[Image above] C2D2 is a bridge-inspecting robot. Credit: Peter Rüegg / ETH Zürich
Corrosion is a big problem, especially when it comes to the mainstay of modern building materials—steel-reinforced concrete.
While some have proposed alternatives to steel, such as bamboo, to stem the problem in future buildings, there’s still a lot of existent concrete-encased steel around the developed world. Being able to detect damage in structures made of the material before it fails—such as the collapse of a bridge—thus remains a really important job.
(For more about how corrosion infiltrates and compromises steel-reinforced concrete, head over here.)
(And, while we’re on the subject of material failure, a quick sidenote: There’s still time to sign up for one of the ceramic material short courses at MS&T14—whether or not you’re attending MS&T14—which include classes on ceramic failure, electroceramics, or glass science. Sign up here now!)
Swiss researchers at ETH Zürich pioneered a method decades ago to detect damage in steel-reinforced concrete by wheeling an electrode across its surface, the sensor detecting electric potential differences and indicating regions where corrosion was occurring. Similar principles have been used to devise damage-detecting skins, but these remain cost-prohibitive.
While measuring electric potential with a wheeled electrode works really well, it’s labor-intensive, time-intensive, and limited. “The wheel electrode is attached to a stick and has to be wheeled manually,” Bernhard Elsener, professor at the Institute for Building Materials, says in an ETH Zürich press release. “This means that many areas, such as supporting pillars and the undersides of high bridges, lie out of reach.” (Unless, of course, you have a go-go-gadget arm).
So the pioneering Swiss researchers are setting a robot out to perform the task. Pairing with colleagues at ETH Zürich’s Institute of Robotics and Intelligent Systems, the team has tailored a previously designed robot that can walk walls and ceilings—and originally designed to do some fancy filming for Disney—to inspect bridges.

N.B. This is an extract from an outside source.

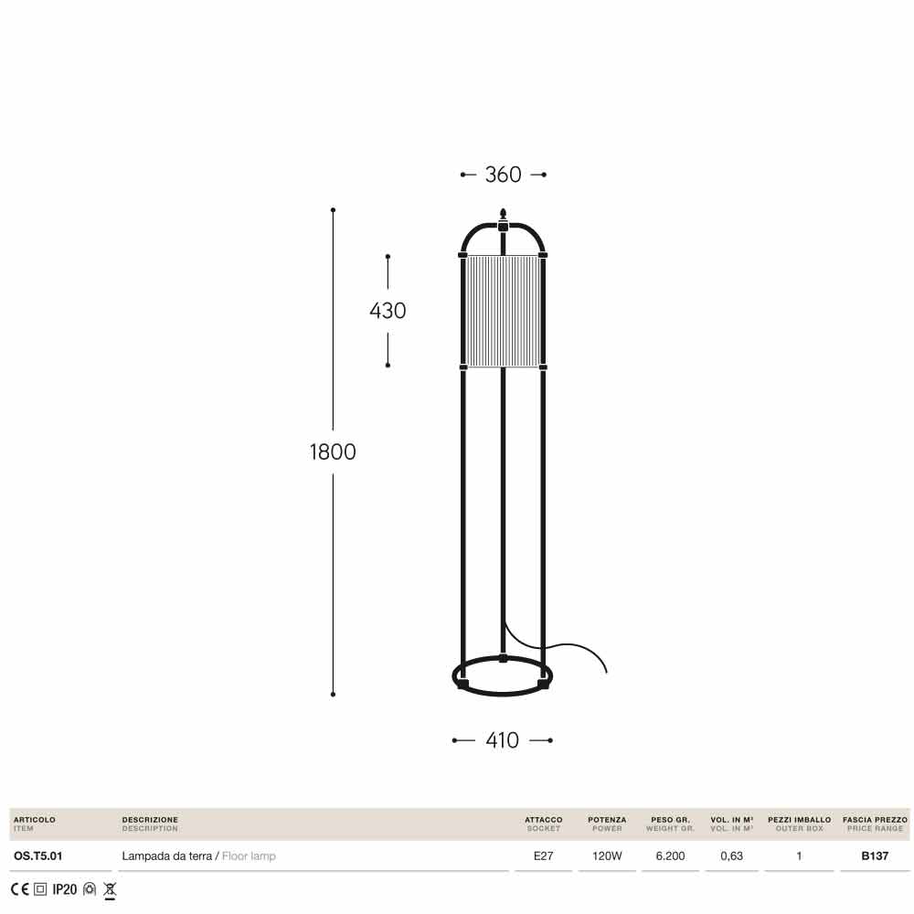 Lâmpada de assoalho moderna Huà Hikà feita de latão e tecido, trabalhada na Itália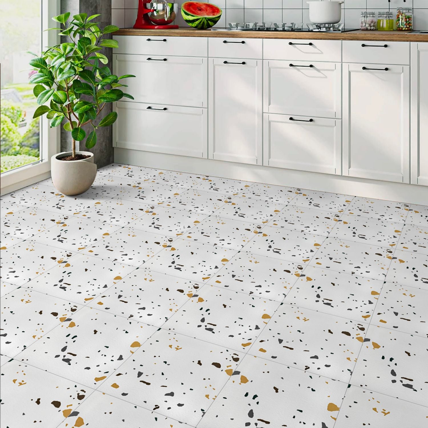There is a white marble appearance with a self-stick floor, which can bring you a new decoration experience. Each peel and stick tile is 11.8 In X 11.8 In, there are 10 pieces per package, covering an area of 9.6 square feet.

“The robot’s movement is based on Vortex technology, where a type of propeller is attached to the underside of the robot,” states the press release. “The propeller rotates fast enough for a movable suction cup to stick the robot on to walls and ceilings, where it can then use its wheels to move along these surfaces. The robot is steered via remote control or a computer.”
Watch the vid below to see the robot in inspecting action underneath a bridge.
The robot, now aptly named the Climbing Corrosion Detecting Device, or C2D2, has an underneath-mounted electrode that records potential differences as it goes.
And while currently manually controlled with a remote, “The team hope that by the end of the project in mid-2015, the robot will be able to identify and overcome such obstacles by itself,” the release states. The team intends to fit C2D2 with a navigation system and is also working to devise software that would allow C2D2 to analyze its own data, too.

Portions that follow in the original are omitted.